Anonymous Coward says:

Honestly I think the best thing to do here would be to bind Google to some kind of ethics code in their conduct, so they can’t try to forcibly take over the internet. (Whether that’s with trying to break adblocker extensions or any of their other antics.)

Maybe we should consider doing that to all the big companies, although I’m not sure I’d trust lawmakers with it.

Anonymous Coward says:

Bing is better than google if you are looking
for videos in my opinion .one option is to ask google to sell off android as a separate company and allow people to use Microsoft or apple email address,s as a entry to the play store .
The problem is most people use android phones
and android apps and Google search
Consumers don’t feel they are getting ripped off by using Google
Google competes with apple in the phone market and Microsoft is dominant in the PC laptop market where it encourages user to use bing and the edge browser .

No one knows if new search engines to that use Ai will be popular
Gmail is free and at least google products are reliable and safe goggle does not sell off private user data to other companies
People have trust in google
Will people trust a new search engine in the same way ?

Arianity says:

About the only obvious move is to present a user choice screen of what search engine they want to use, which many users will see more as a nuisance than anything else. And… Europe already did this, and basically everyone still chose to use Google.

You say that like it’s a bad thing but… that seems fine? That’s exactly how it’s supposed to work.

The point of antitrust law (in the U.S.) is not that something can’t be a monopoly. It’s that they can’t abuse that position to do things like building moats. If people are legitimately opting into it because it’s the best, that’s working as intended. And that still has benefit, because now Google has more incentive to stay sharp, instead of relying on people being locked in. It’s not perfect, but it’s better than the moats.

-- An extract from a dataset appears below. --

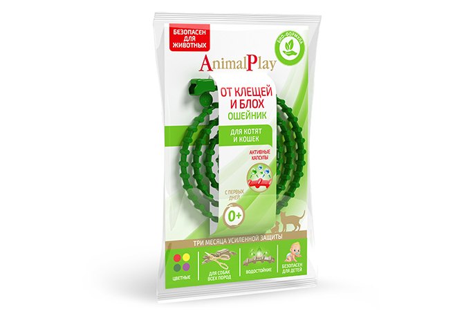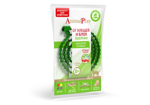 Animal Play Ошейник Энимал Плей для Котят и кошек репеллентный от Клещей и Блох Зеленый 38 см

The whole point of free markets is competition. Sometimes in that competition, someone will be head and shoulders above the rest. The important part is making sure that they hold onto that position by continuing to be the best, and not doing anti-consumer things like moats. Google hasn’t enshittified enough that people are willing to jump ship, but at least they’ll have the option now, if it continues to do so. That’s a win.

Some are arguing that this calls for a “breakup” of Google, but it’s also difficult to see. What in breaking up Google enables more successful search engines to hit the market?

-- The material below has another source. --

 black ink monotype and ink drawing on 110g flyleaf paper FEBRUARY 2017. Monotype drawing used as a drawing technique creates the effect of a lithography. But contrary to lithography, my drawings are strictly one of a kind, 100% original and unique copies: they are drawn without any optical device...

There’s a few ways, depending on how far/disruptive you want to go. On the smaller side, simply barring it from locking itself in probably wouldn’t do much. But you could also break up it’s ad network stack. That is a big part of why it’s able to monetize so well compared to competitors- it’s vertically integrated. We might also see it affecting things like it’s recent exclusivity deal with Reddit.

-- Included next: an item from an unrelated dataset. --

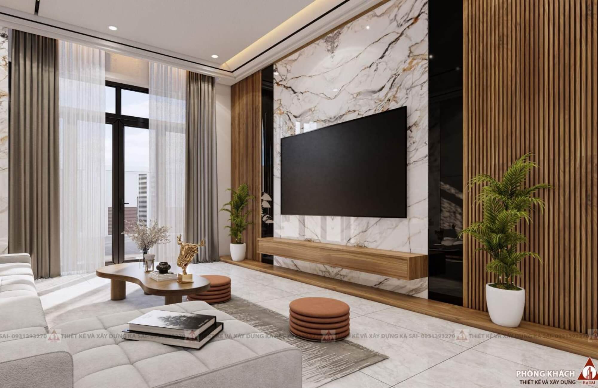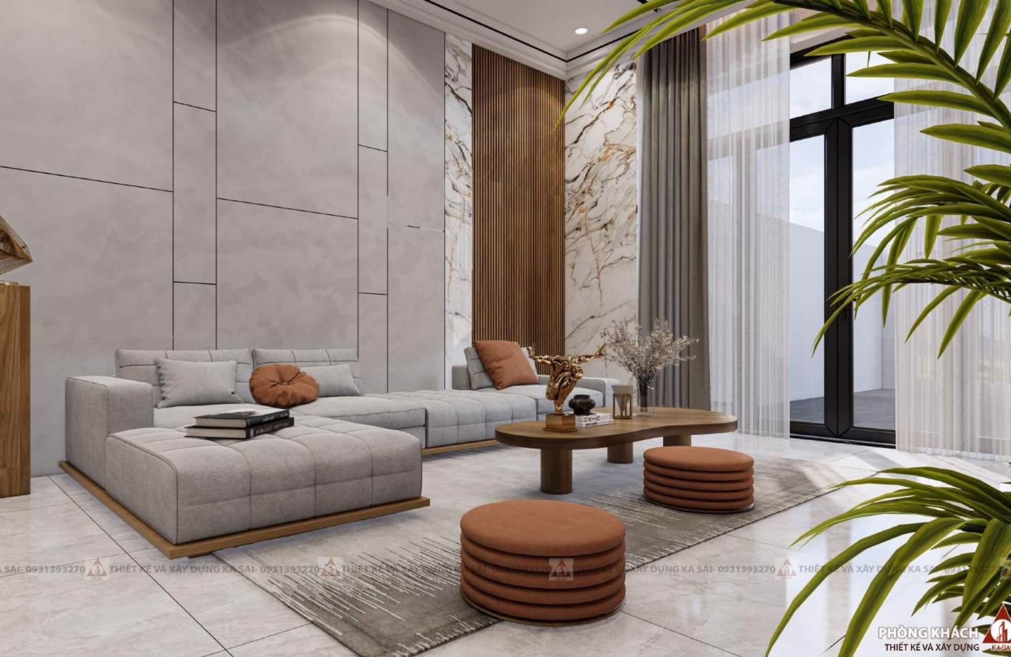 Không gian sống bên trong biệt thự 4 tầng cũng được thiết kế theo tone màu trắng xám nâu gỗ thống nhất với mặt tiền. Nhờ đó tạo cảm giác rất hài hòa và sang trọng thoải mái sinh sống.

And that’s not even getting into the most exciting part of this decision- precedent. The reason so many people thought this case was weak in the first place has been decades of feckless anti-trust. This case is far more exciting for what comes ahead.

That said, there are things antitrust isn’t well suited to solve (it isn’t really intended to do anything about things like economies of scale- Google has a virtuous cycle where being the best means it has more access to data, which helps keep it the best, etc). But it’s still a win to get it to do what it’s supposed to, at least.

Anonymous Coward says:

Antitrust law is supposed to be about what is bad for consumers, not about chasing the attitude that “big=bad”.

Even if you accept the ridiculous assertion that changing the default search engine is hard (it takes a few seconds, and Google’s own search engine will tell you how to do it), the case still doesn’t seem to have found any harm to consumers. That should have been the end of it.